Но рифма всегда обходила меня стороной. Я тысячу раз начинал писать стихи, но не продвигался дальше второй, в лучшем случае четвёртой строчки. Я сидел днями, ломал голову, пытался преодолеть свою поэтичную безязыкость, но ничего не выходило. Я уже было смирился с этим, согласился, что не могу писать стихи, как бы это не было обидно. Что ж, буду прозаиком-простолюдином, тут же у меня не было проблем, тут я мог выдавать на гора десятки страниц связного текста. Ходили разные мнения о качестве этого текста, мне он казался неплохим. Я много писал, надеясь на то, что в конце концов, произойдёт переход из количества в качество.
Но мечта о поэзии всё равно не покидала меня. И с новой силой поэтический костёр забился в моём сердце, когда я попал на корабль. Мерные удары вёсел, плеск воды, короткие команды капитана, всё это удивительным образом настраивало меня на поэтический лад. И пусть рифмы по-прежнему обминали меня, но я вдруг прозрел, что поэзия не в рифме. Поэзия в настрое, в затрагивании самых основ человеческого естества. Поэзия это глобальные вещи. Проза может себе копаться в мелочах и прояснять детали, но поэзия это генеральный план мироздания, её волнуют только важные, мировоззренческие проблемы. Это путешествие в окружении смерти подходит для поэзии. Вёсла ударяются о воду, мы плывём вперёд и повсюду нас встречает смерть. Я начал проговаривать про себя строки и эти строки были хороши, они слагались в неведомую поэму, поэму о путешествии, о жизни и смерти, о мужестве и страхе, о человеке.
Летит корабль, движения отточены гребцов, оббитый медью нос блистает в лучах солнца. Бывалый капитан, рулём вершит судьбу, с тропинок многих выбирая, единственный наш путь. Команда молчалива и тиха река, забвение плывёт кисельным маревом. И вдруг как молния, средь тишины является чудовище чей вид затмит фантазию любую. Оно берёт очередную жертву и кровью платим мы за каждый метр движенья по реке, чьё имя Снов. Из снов течёт она иль в сны, куда плывём мы, плывём или несомы рекой. Ответов мы не знаем, но никто за ними не охотиться. Герои с вёслами, плывём вперёд, готовы ко всеми и будь что будет. Чудовища и гибель и забвенье, над собою не властен человек. Во снах своих он делает не то, что хочет, лишь наблюдает за движеньями своими. И на реке Снов также. Неизвестно, кто хозяин здесь, кому мы повинуемся в сём плавании странном.

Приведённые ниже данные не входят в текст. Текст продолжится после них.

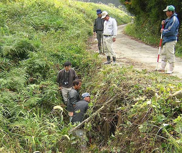 土管の上の道路端の崩れが気になる。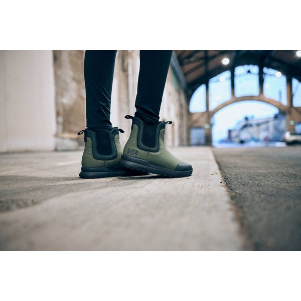 Design butów Lynn Wm's Helly Hansen łączy w sobie elegancję i praktyczność. Gładka powierzchnia zewnętrzna, brak sznurowadeł oraz wzmocnione noski nadają im klasyczny wygląd, który doskonale komponuje się zarówno z casualowymi, jak i bardziej eleganckimi stylizacjami. Logo marki na boku i podeszwie podkreśla wysoką jakość i prestiż marki. Waga butów wynosząca zaledwie 300 gramów sprawia, że są one lekkie i komfortowe w noszeniu, a ich wytrzymała konstrukcja gwarantuje długą żywotność. Dodatkowo, technologia HH Quick Dry zapewnia szybkie schnięcie, co jest szczególnie przydatne w deszczowe dni.

Ну, вот что-то в таком роде. Плавание очень медитативно. Однообразные гребки вёслами, плеск воды, жара и ты входишь в особое состояние и строчки начинают рождаться в голове. Я так жалею, что не взял бумаги. Их надо записывать, вдруг я забуду! Это моё главное переживание, но я надеюсь, что всё дело в состоянии. Я смогу восстановить его и строчки снова начнут складывать, а я буду их записывать. Ведь могу же я жить жизнью других людей. Когда ты придумываешь героя, ты становишься им. Не всяким, но случаются удачные моменты, когда вживаешься в образ и становишься другим человеком, начинаешь говорить о себе, о своих болях и тревогах. Это идёт из тебя, становится твоей реальностью, ты живёшь этим и с этим. Однажды я писал рассказ об одиноком старике, который тоскует о молодости, об умершей жене, уехавших детях. Я начал говорить его мысли, как я представлял мысли этого человека, но постепенно я становился таким стариком и говорил уже его мысли, чувствовал его боль, переживал его одиночество, я печатал его мысли, этого несчастного человека, который хотел выговориться. Это продолжалось час или два, потом меня прервали, я снова стал самим собой и почувствовал, что у меня болит сердце. Я слишком много пережил за время пока был стариком. Это первый признак, что текст удался - когда ты при его написании полностью перевоплощаешься. Второй признак - когда ты потом читаешь текст и видишь, что там написано нечто чего ты не знал, не чувствовал, не понимаешь. Это написано тобой, но это не твоё, это взято откуда то, взято из того человека, порождено им, хотя его же нет, это твой герой, которого ты придумал, может быть совсем недавно.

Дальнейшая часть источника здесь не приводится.